** Opening Data for the task block **

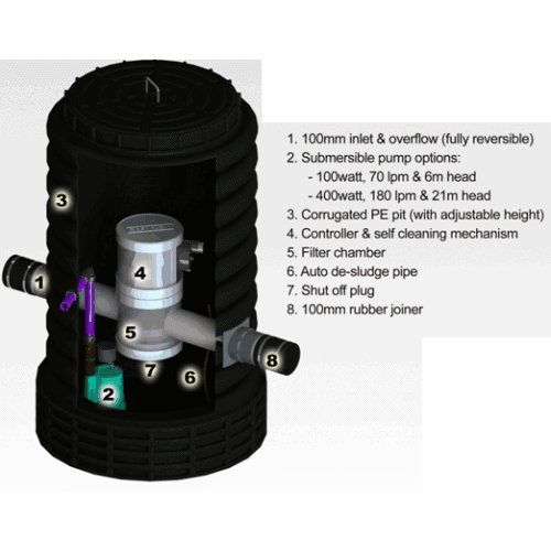 This grey water recycling system is the most powerful diversion system available in the market.
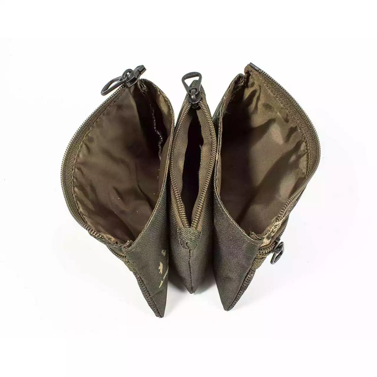 Der Scope Ops Ammo Pouch besteht vereinfacht gesagt aus drei einzelnen Taschen, welche miteinander verbunden sind. Davon ist jede einzelne mit einem Zipp unabhängig von den anderen verschließbar. Somit wird genügend Stauraum geboten, um deine Angelutensilien sicher aufzuheben. Außerdem gibt es an den Außenseiten auch noch zwei Netztaschen.
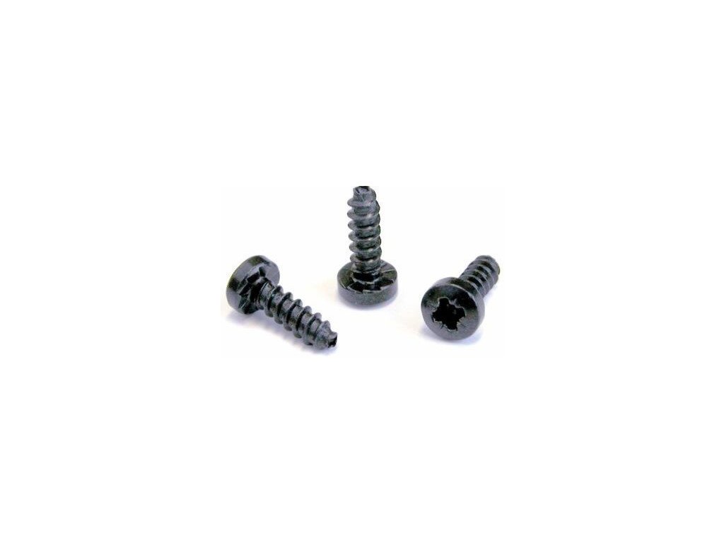 Czarna śruba samogwintująca PLASTITE®*, trójkątny układ 2,9 x 1,05, długość 8 mm, z płaską główką.
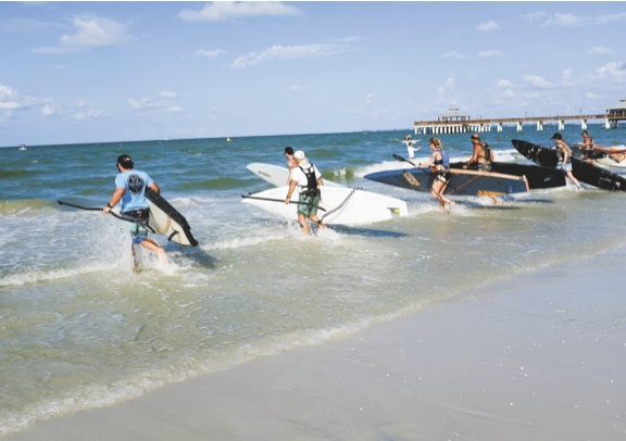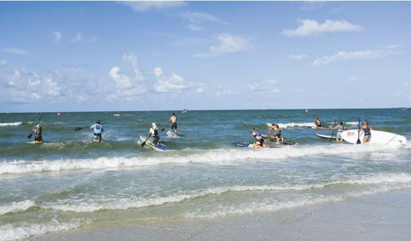 For the 7- and 2-mile races, 54 entrants using stand up paddle boards, surf skis, and outrigger canoes competed in a number of heats. Racers navigated their crafts around a number of buoys placed by race officials.
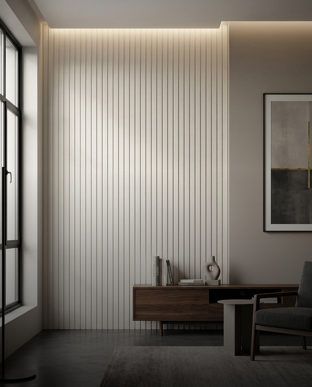 העיצוב הלינארי יוצר עומק, תנועה ומשחקי אור וצל שמכניסים חיים לקיר והופכים אותו למוקד מרכזי בעיצוב הבית או העסק.
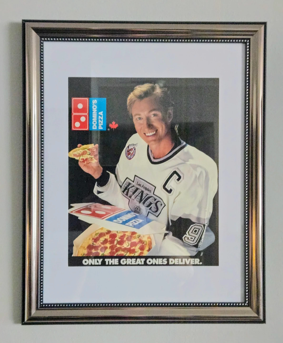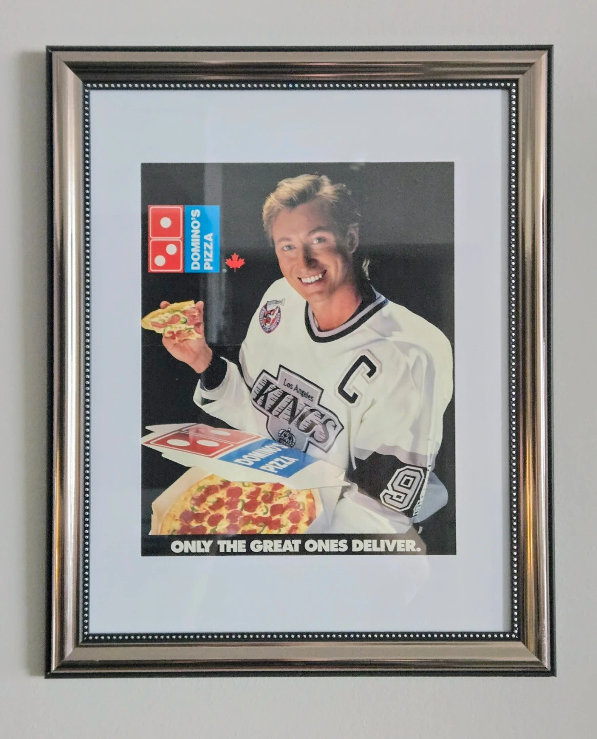 Vintage Framed 1994 Wayne Gretzky Domino's Pizza Ad.
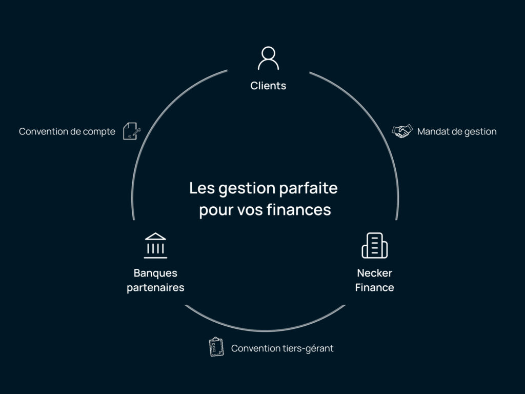 Après une analyse rigoureuse avec son gérant, un profil d’investissement est établi qui correspond à ses besoins. Le client signe ensuite un mandat de gestion ou de conseil qui régit sa relation avec Necker Finance (Suisse) SA. Ce mandat nous autorise à gérer la fortune du client auprès de la banque dépositaire à l’exclusion d’acte de disposition.
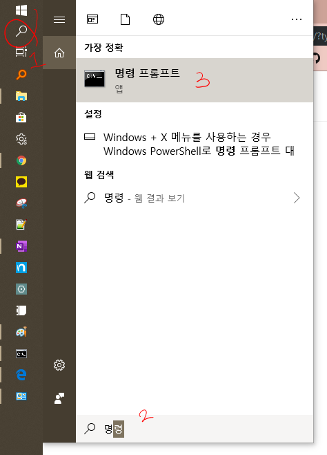 - 작업 표시줄 돋보기 아이콘 클릭 + '명령' 키워드 작성 + 클릭
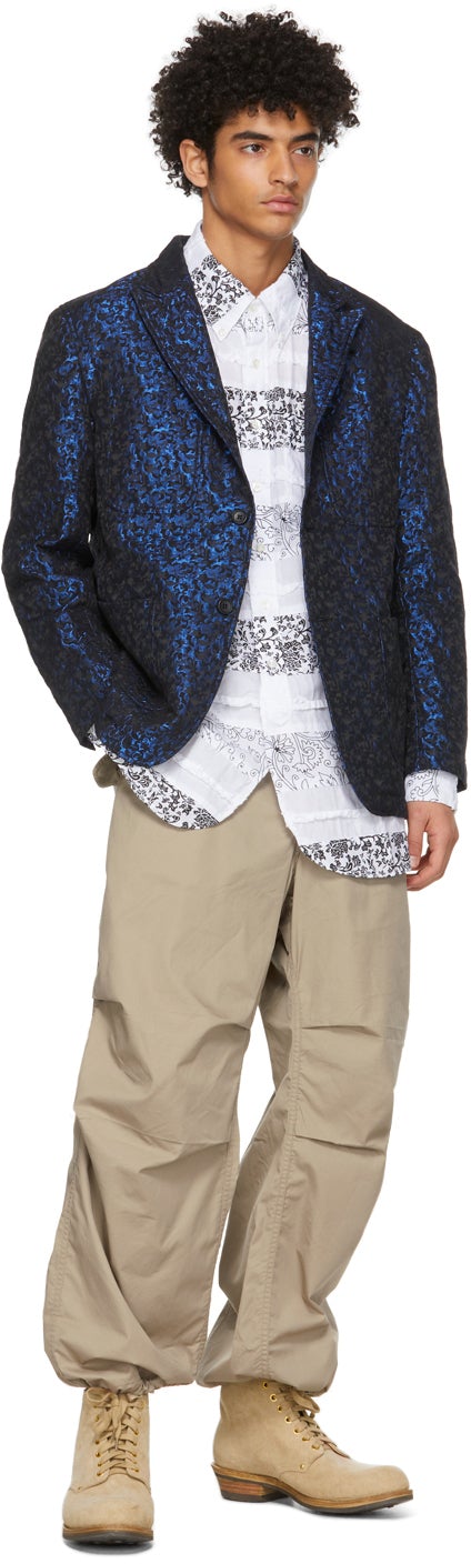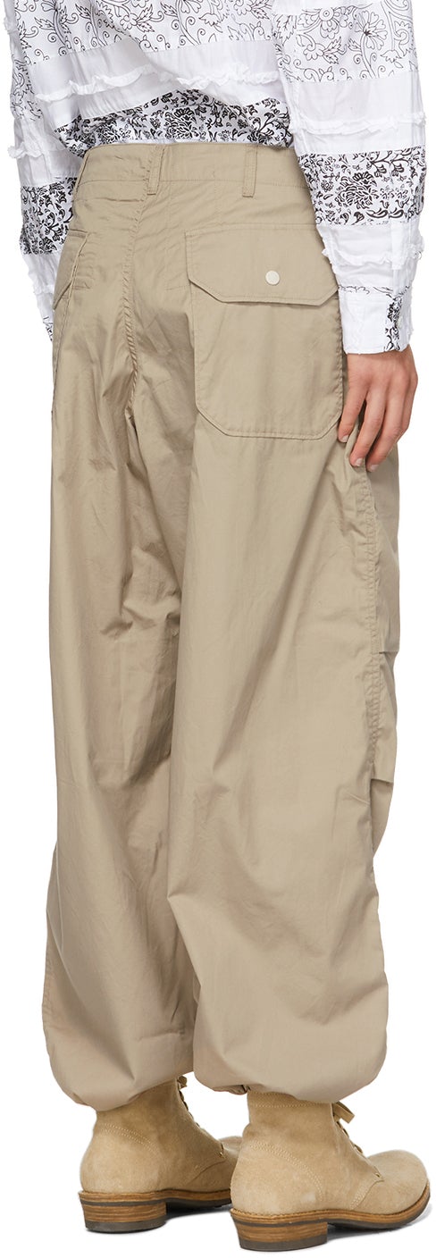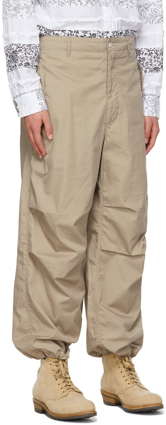 Straight-leg cotton twill trousers in beige. Mid-rise. Four-pocket styling. Belt loops and concealed drawstring at waistband. Zip-fly. Logo-engraved tonal hardware. Supplier color: Khaki 100% cotton. Brand: Engineered Garments
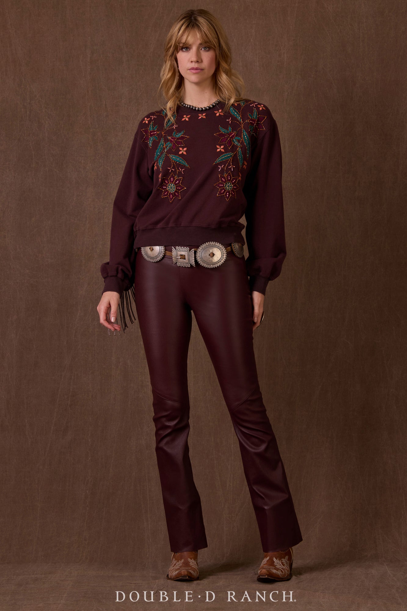 Ok, yes, technically, it’s a sweatshirt – but this baby is far from your ‘mow the lawn’ or ‘hit the jogging trail’ variety! First of all, that color couldn’t be more chic (or en vogue) and then that intricate embroidery and dazzling beadwork elevates it to its own category of casual-cool, but the contrasting cuff-to-cuff fringe makes it full on fab.
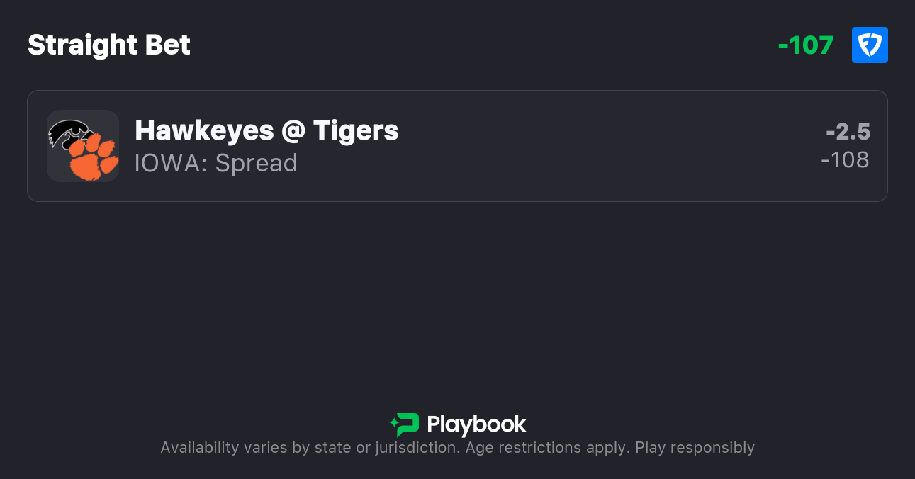 - Iowa vs Clemson spread: Iowa -2.5
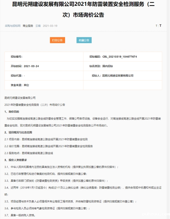 昆明元朔建设发展有限公司2021年防雷装置安全检测服务(二次)市场询价公告
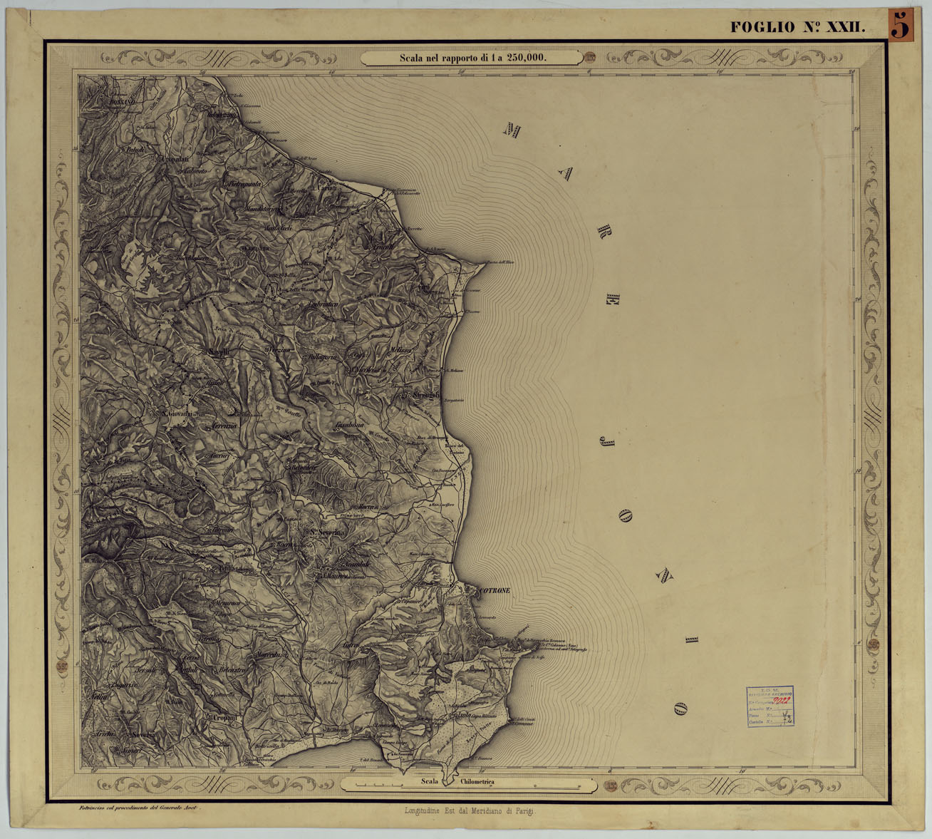 CARTA DELLE PROVINCIE NAPOLETANE IN 25 FOGLI COL PROCEDIMENTO DEL GENERALE AVET ALLA SCALA DI 1 250.000 PUBBLICATA DALL'ISTITUTO TOPOGRAFICO MILITARE 1874 - FOGLIO XXII.
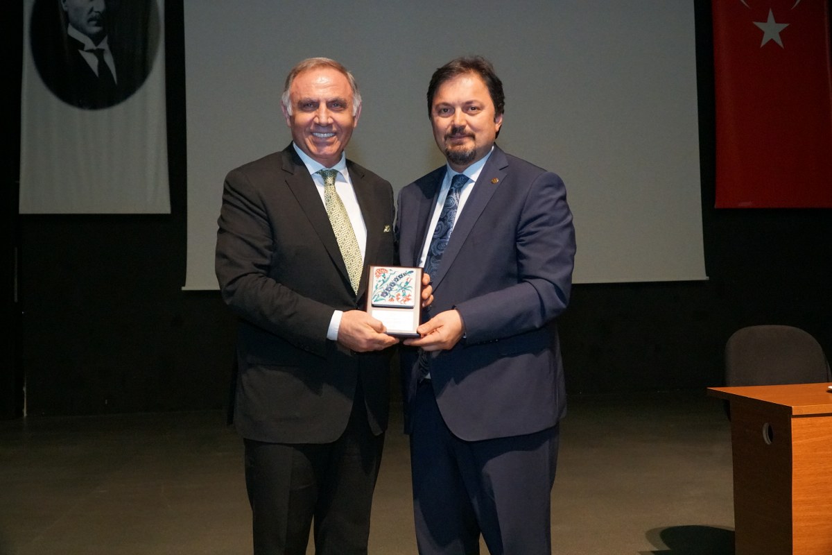 Sunumun sonunda Bursa Barosu Başkanı Av. Gürkan Altun, günün anısına Av. Dr. Başar Yaltı'ya İznik çinisi plaket hediye etti.

** Closing Data for the task block **

Copy the preceding data in full and word for word, dropping its pictures.

 This grey water recycling system is the most powerful diversion system available in the market.
 Der Scope Ops Ammo Pouch besteht vereinfacht gesagt aus drei einzelnen Taschen, welche miteinander verbunden sind. Davon ist jede einzelne mit einem Zipp unabhängig von den anderen verschließbar. Somit wird genügend Stauraum geboten, um deine Angelutensilien sicher aufzuheben. Außerdem gibt es an den Außenseiten auch noch zwei Netztaschen.
 Czarna śruba samogwintująca PLASTITE®*, trójkątny układ 2,9 x 1,05, długość 8 mm, z płaską główką.
 For the 7- and 2-mile races, 54 entrants using stand up paddle boards, surf skis, and outrigger canoes competed in a number of heats. Racers navigated their crafts around a number of buoys placed by race officials.
 העיצוב הלינארי יוצר עומק, תנועה ומשחקי אור וצל שמכניסים חיים לקיר והופכים אותו למוקד מרכזי בעיצוב הבית או העסק.
 Vintage Framed 1994 Wayne Gretzky Domino's Pizza Ad.
 Après une analyse rigoureuse avec son gérant, un profil d’investissement est établi qui correspond à ses besoins. Le client signe ensuite un mandat de gestion ou de conseil qui régit sa relation avec Necker Finance (Suisse) SA. Ce mandat nous autorise à gérer la fortune du client auprès de la banque dépositaire à l’exclusion d’acte de disposition.
 - 작업 표시줄 돋보기 아이콘 클릭 + '명령' 키워드 작성 + 클릭
 Straight-leg cotton twill trousers in beige. Mid-rise. Four-pocket styling. Belt loops and concealed drawstring at waistband. Zip-fly. Logo-engraved tonal hardware. Supplier color: Khaki 100% cotton. Brand: Engineered Garments
 Ok, yes, technically, it’s a sweatshirt – but this baby is far from your ‘mow the lawn’ or ‘hit the jogging trail’ variety! First of all, that color couldn’t be more chic (or en vogue) and then that intricate embroidery and dazzling beadwork elevates it to its own category of casual-cool, but the contrasting cuff-to-cuff fringe makes it full on fab.
 - Iowa vs Clemson spread: Iowa -2.5
 昆明元朔建设发展有限公司2021年防雷装置安全检测服务(二次)市场询价公告
 CARTA DELLE PROVINCIE NAPOLETANE IN 25 FOGLI COL PROCEDIMENTO DEL GENERALE AVET ALLA SCALA DI 1 250.000 PUBBLICATA DALL'ISTITUTO TOPOGRAFICO MILITARE 1874 - FOGLIO XXII.
 Sunumun sonunda Bursa Barosu Başkanı Av. Gürkan Altun, günün anısına Av. Dr. Başar Yaltı'ya İznik çinisi plaket hediye etti.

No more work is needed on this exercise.